Automatisierte Planung von Machine-Learning-Experimenten für Benchmarking und AutoML


Prof. Dr. Bernd Bischl
Institut für Statistik
Arbeitsgruppe “Statistical Learning and Data Science”
Ludwig-Maximilians-Universität München

Project Summary

Machine learning methods have proven to be useful tools in an increasing number of scientific and practical disciplines. However, the efficient application of such methods is often still difficult for inexperienced users. This stems, in part, from the many possible algorithm configuration options or “hyperparameters” that are available for such methods and that greatly impact their effectiveness – even more so because the best choice of hyperparameters depends on the given problem and data set. Even experienced specialists may find selecting the best machine learning method and its hyperparameter values difficult, since the relationship between the data set and the optimal approach is often not directly predictable and an understanding of the underlying algorithms is lacking.

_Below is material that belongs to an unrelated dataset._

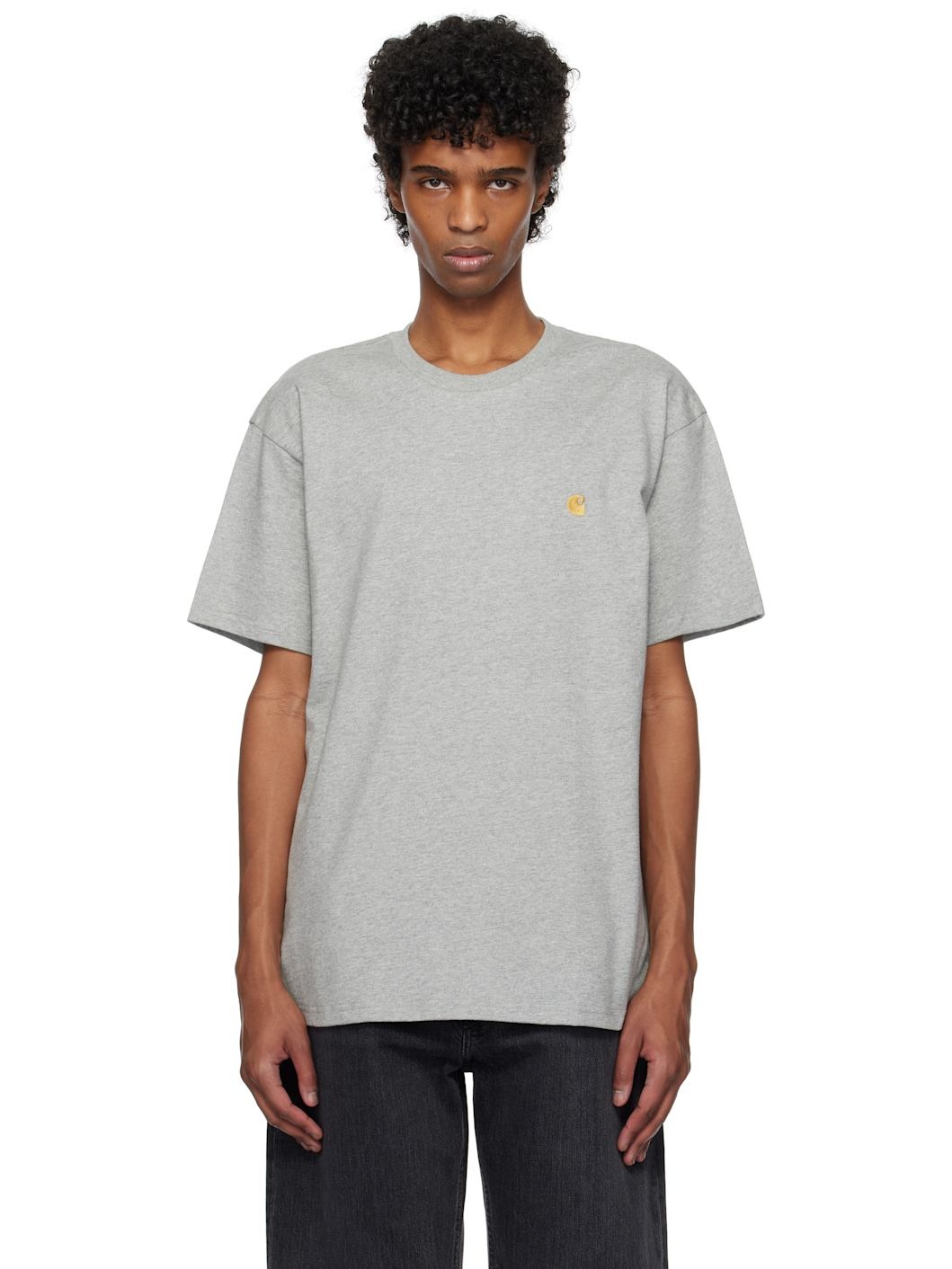 235 gsm combed cotton jersey T-shirt. · Rib-knit crewneck · Logo embroidered at chest Supplier color: Grey heather/Gold 100% cotton. Made in Bangladesh 251111M213050

Automated Machine Learning or AutoML is an emerging field with the ultimate goal of making machine learning more accessible to users by automatically making some of the necessary decisions for the user. One approach to AutoML, based on the principles of “meta learning”, uses experience from previous machine learning experiments to quickly and robustly find hyperparameter configurations for the machine learning methods being used. A simple approach here is to try configurations that have worked well in the past; a more indirect way is to configure optimization algorithms in a way that they would have worked well on the problems already studied.

The goal of the project is to build a large collection of data on the relationship of hyperparameter configurations and dataset properties with machine learning performance, thereby providing a rich pool of “experience” that AutoML tools can draw upon to arrive at good solutions more quickly. In order to do so, random hyperparameter configurations of seven different machine learning methods were evaluated on 119 datasets. The SuperMUC NG supercomputer was utilized to achieve a truly large number of evaluations; the experiment is described in more detail in our paper.

The knowledge and data gained from the project will be used to create datasets other researchers can draw upon to investigate algorithm hyperparameters, and to extend existing AutoML approaches with a large collection of prior knowledge. In addition to predictive performance, several aspects regarding the multi-fidelity behaviour of algorithms were collected, such as performance on subsets of the datasets, their runtime and memory consumption and performance within each fold of the cross-validation process. This enables a quantitative trade-off between runtime and predictive performance in further research.

Mean (right) and standard deviation (left) of hyperparameters cost and gamma of an example machine learning method (Support Vector Machine), aggregated across more than 100 datasets.